The Maratona dles Dolomites is, like the classic Marmotte Alpes in France, one of these events that is hard – and expensive – to get a ticket for.

While an entry itself carries a fee of €150, which is perhaps reasonable, there is hardly a guarentee that you will actually get one.

Unless you buy a package via the Official Tour Operators and you’ll be lucky to get away with a package costing less than €2,000…

However, and to be honest, these all inclusive – accommodation and food – packages usually are multi-day events, including other scheduled rides.

At any rate, this has long been on my bucket list and I eventually cycled it all by myself, accompanied by Paula in the team car, during my Giro d’Italia of 2020 (Stage 6).

Which is probably what a lot of other people will do, albeit that you will have nothing to show for it in your hall of fame at home.

The Maratona dles Dolomites contains of two loops, the Sella Ronda and a loop over the Giau and Valparola.

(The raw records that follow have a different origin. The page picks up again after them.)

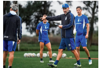
Pereyra le cambió la cara al equipo.

Gimnasia y Esgrima La Plata se cruza con Argentinos Juniors desde las 16 en el estadio Juan Carmelo Zerillo, por la novena fecha del Torneo Apertura. El juez principal será Juan Pafundi, acompañado por Nicolás Lamolina en el VAR.
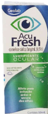
8868-Acu Fresh 5mg/ml 0,5% sol oft. 10ml Carmelose sódica Referência: Fresh Tears
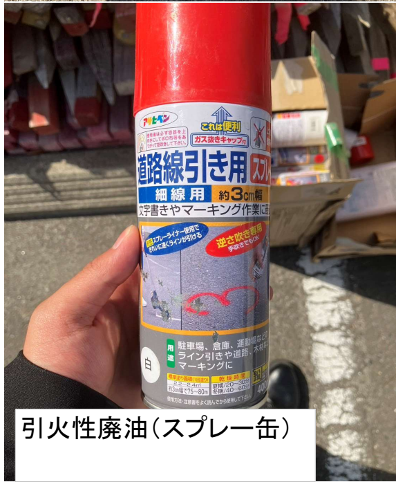
引火性廃油(スプレー缶)
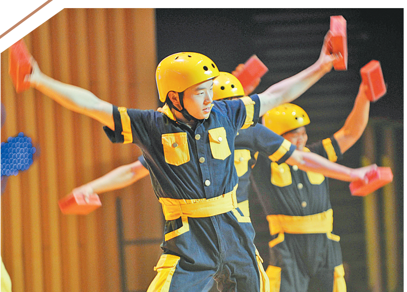
1月10日,来自深圳的农民工在表演舞蹈《快乐的建筑工》。当日,“我们的节日”——群星奖优秀节目2011年春节慰问外来务工人员文艺晚会在北京五棵松体育馆举行。来自中铁集团、城建集团等单位的近3000名外来务工人员及农民工子弟学校的学生观看了演出,欢度自己的节日,整台晚会呈现出了“农民工演、演农民工、农民工看”的特点。

据艺术中心工作人员介绍,作为一项文化惠民措施,首届“市民音乐会”是河南艺术中心继“打开艺术之门”、“走进艺术殿堂”、“请把我的歌带回你的家”公益系列演出之后,为丰富艺术舞台、普及高雅艺术所推出的又一品牌项目,将以30-100元的低票价让更多普通老百姓走进音乐殿堂,共同欣赏高品质的中外音乐经典作品。
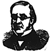
MARQUE DE COMMERCE
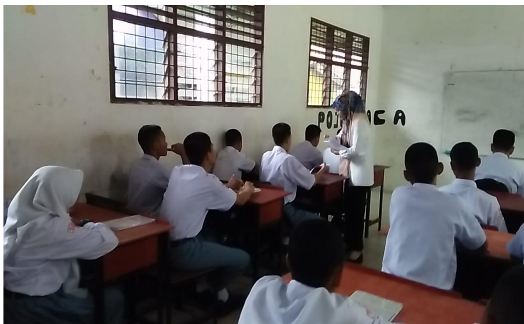
Gambar saat guru memberikan soal pretes kepada siswa
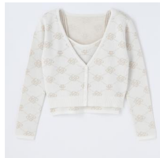
ROYAL PARTY パールストラップジャガードニットアンサンブル (全3種 ピンク,ブラック,オフホワイト) 各¥13,200
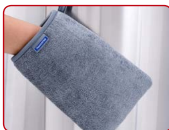
Material de fácil limpeza

The latter includes a second ascend of the Campolongo, but down in Arabba, you’ll turn left instead of right.

Other than in my Giro’s Stage 6 report, you can find more info on the official Maratona dles Dolomites site.

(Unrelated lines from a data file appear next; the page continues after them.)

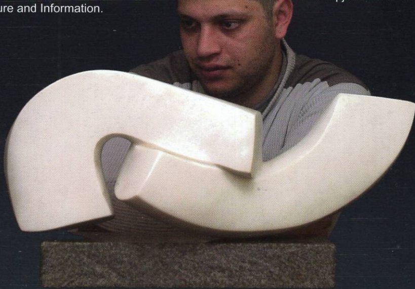
7. циклус "Архитектонски композиции" Бел мермер 28x60x27 2000
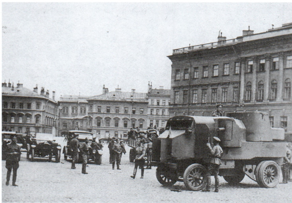
Разоружение 1-го Пулеметного полка. Июль 1917 г. И.С.Кобозев
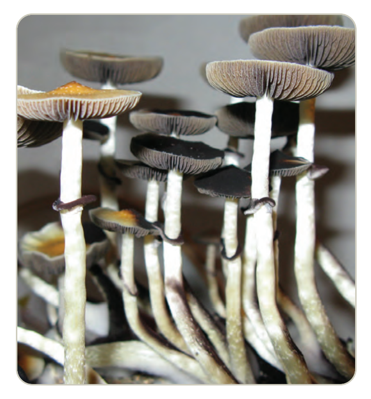
Setas de psilocibina

Náuseas, vómito, debilidad muscular y falta de coordinación
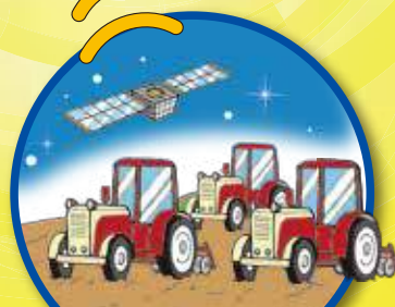
マルチロボットトラクタ
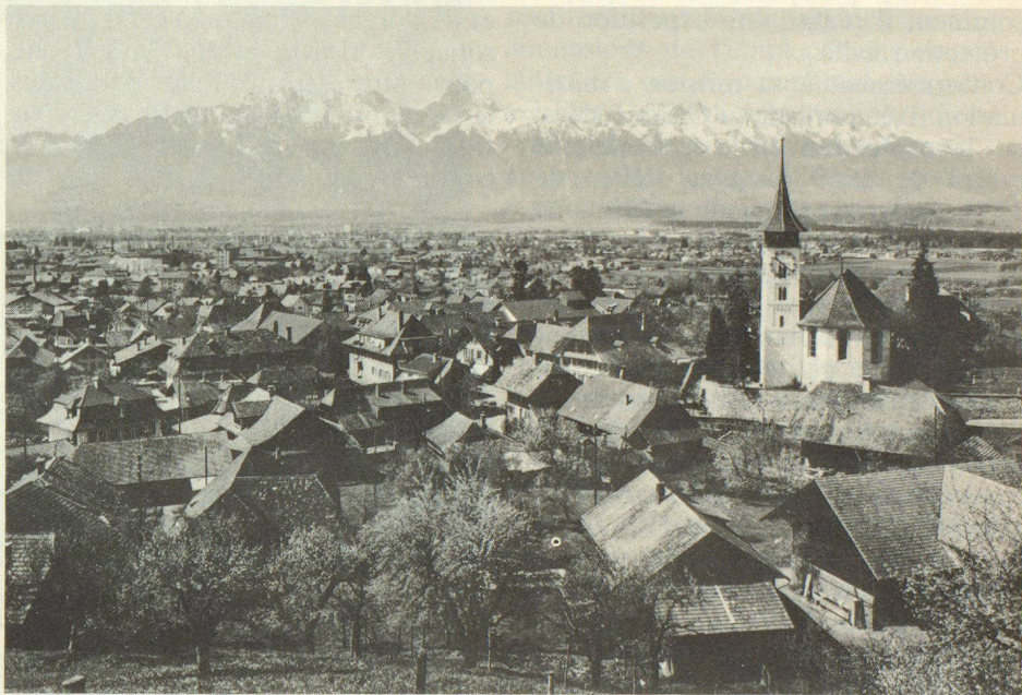
Steffisbourg avec la chaîne du Stockhorn

Le programme prévoit une série d'exposés sur la protection civile dans le cadre de la défense générale, ainsi que plusieurs visites d'installations à Steffisbourg, Thoune, Spiez/Gesigen, Berne, Ostermundigen, Meiringen et Sempach. La journée du 1er octobre sera particulièrement intéressante, car
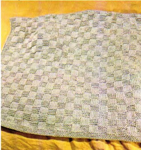
Chal de Guagua (Punto Cesta agujas)
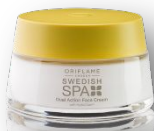
Крем для лица Код 23735
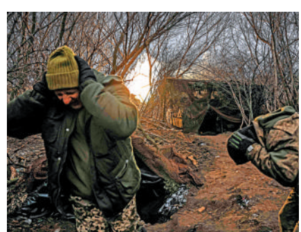
▲俄烏停火談判暫未有新進展。

普京20日在與俄安全會議成員召開會議時稱，俄方願與美國政府就烏克蘭局勢進行對話。他指出，就烏克蘭局勢，目標不應該是短暫的休戰，而應該是「在尊重該地區所有人員和國家合法權益基礎上的長期和平」。
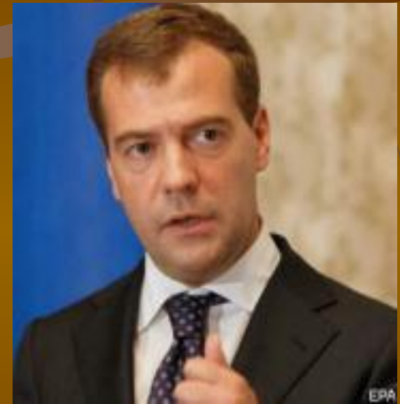
Медведев Дмитрий Анатольевич

Третий Президент Российской Федерации (2 марта 2008 по н. время)
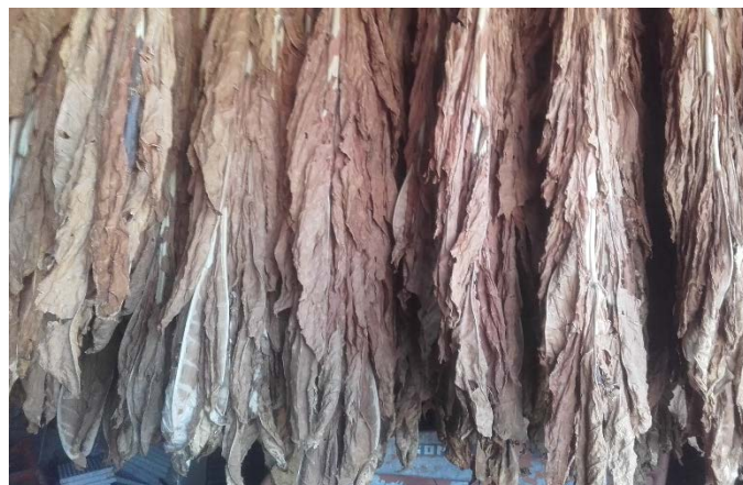
Phase de réduction des côtes en Vallée du Lot

Les récoltes sont en cours en tour de plaine, notamment pour le secteur de La Fouillade (12), où on retrouve le Burley en phase de réduction des côtes en Vallée du Lot. C'est également la récolte des médianes à feuilles de tête pour le secteur d'Aizenay (85).
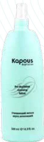
Очищающий лосьон перед депиляцией, 500 мл Арт. 540
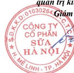
HÀ QUANG TUẤN

(At the time of writing, its homepage featured a photograph of the Campolongo –  which is the first climb after the start in la Villa – with a gazillion cyclists, giving you a good impression of the number of participants.)

Giro d’Italia 2020 Report

Last time up the StelvioSo, how did I fare this Giro d’Italia 2020, compared to what I had in mind beforehand?

Well, I choked on the Mortirolo (from Mazzo) again and – barely – made it up the Bernina, all the way from Tirano.

The difference with last year being, that this did not happen during the same stage and that the Mortirolo was just as hot, but the Bernina was the coldest of all.

But, I kinda, sorta, had my revenge on the Mortirolo, as I was on its summit no less than four times, twice during the same stage.

I also ended up on the Stelvio summit three times, during my prologue and as finishes for stages 7 and 9.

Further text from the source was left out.